Я не возражал. Мы поднялись с дивана и вышли в фойе. Народу здесь прибавилось. Были дети и родители и кое-кто из сотрудников детского сада. Быстрова куда-то отошла на минутку, а потом, вернувшись, сообщила мне:
– Я разговаривала с воспитательницей Васильева Саши. Его еще не привели в сад. Так что давайте подождем несколько минут.
Через короткое время Быстрова дернулась, что, очевидно, символизировало появление на горизонте человека, которого мы ждали. Так и есть.
– Ну, вот идет Васильева, – проговорила молодая женщина, явно с облегчением, ибо она была заинтересована в скорейшем завершении дела, а потому старалась всеми силами мне помочь.
Ее слова относились к появившейся в дверях моложавой женщине лет пятидесяти, одетой в коричневый клетчатый немного старомодный костюм и бежевую блузку, с повязанной вокруг воротника газовой косынкой. На локтевом сгибе одной руки у нее висела сумка, а другой она держала за руку мальчишку лет четырех, одетого в джинсы, майку и курточку.
– Татьяна Викторовна! – позвала Быстрова и махнула рукой. – Можно вас на минуточку!
Несколько озадаченная вниманием заведующей детским садом, Васильева, все еще держа внука за руку, приблизилась.
– Я вас слушаю, – с любезной улыбкой и вопросительным взглядом, обращенным к Быстровой, проговорила она.
Заведующая детским садом кашлянула в кулачок, очевидно, пытаясь скрыть таким образом легкое смущение, вызванное деликатностью просьбы, которую она собиралась изложить.
– Татьяна Викторовна, вам уже доводилось не так давно беседовать с Игорем Степановичем по телефону. – Быстрова с должным почтением, какое оказывают важному лицу, указала в мою сторону. – Я очень прошу, если вас не затруднит, побеседовать с ним и, если возможно, ответить на интересующие его вопросы.

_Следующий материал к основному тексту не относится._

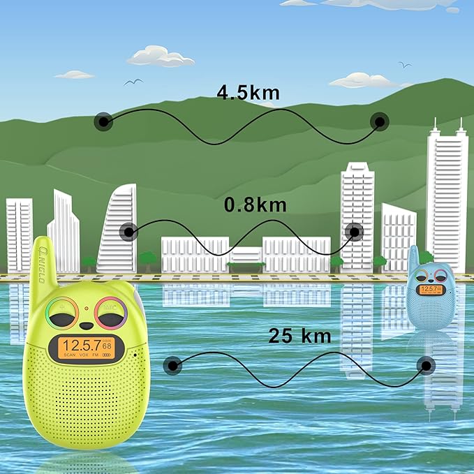 - ๐๐น๐ฒ๐ฎ๐ฟ ๐ฆ๐ผ๐๐ป๐ฑ & ๐๐ ๐ฅ๐ฎ๐ฑ๐ถ๐ผ: The rechargeable kid walkie talkies 2 pack feature with FM radio, your kids would search channels and listen to music or real-time news on the FM. The sound is so clear that you could hear each other within 2 miles range.

– Ну, пожалуйста, – несколько неуверенно и в то же время заинтригованно ответила Васильева, глянув в мою сторону.
Быстрова, уже преодолевшая состояние неловкости, заговорила решительно, по-деловому, как и полагается руководящему работнику, привыкшему повелевать:
– Вот и отлично! Вы пока побеседуйте с Игорем Степановичем, а я отведу Сашу в группу. – Наталья Александровна, изящно сомкнув колени и отведя их в сторону, присела перед глазеющим по сторонам курносым румяным мальчишкой и проговорила: – Прощайся, малыш, с бабушкой и пойдем к твоим друзьям.
Бабушка помахала рукой внуку, внук – бабушке, ну и я заодно взмахнул ладонью, прощаясь с малышом, и Быстрова, держа его за руку, двинулась к двери, ведущей в комнаты групп. Мы с Васильевой остались одни.
– Татьяна Викторовна, – заговорил я обволакивающим голосом сатира, всеми силами стараясь понравиться женщине. – Я не полицейский и не имею права задавать вам вопросы, поэтому вы сами вправе решать, отвечать на них или нет.
Проводив взглядом скрывшихся за дверью внука и заведующую детским садом, женщина обратила ко мне лицо.
– Уж очень вы интригуете, Игорь Степанович, – усмехнулась она. – Давайте попроще, без церемоний.
Я пожал плечами:
– Как знаете… Я хочу вас спросить по поводу все того же дня, когда ваш внук заболел и вы забрали его из детского сада.
– Но позвольте, Игорь Степанович! – мягким и в то же время укоризненным тоном, каким обычно пытаются увещевать несговорчивого собеседника, изрекла Васильева. – Мы с вами не далее как два дня назад очень подробно беседовали по телефону об охраннике и о том, что ровно в 10 часов утра я видела его на своем рабочем месте. Поверьте, к сказанному мне больше добавить нечего.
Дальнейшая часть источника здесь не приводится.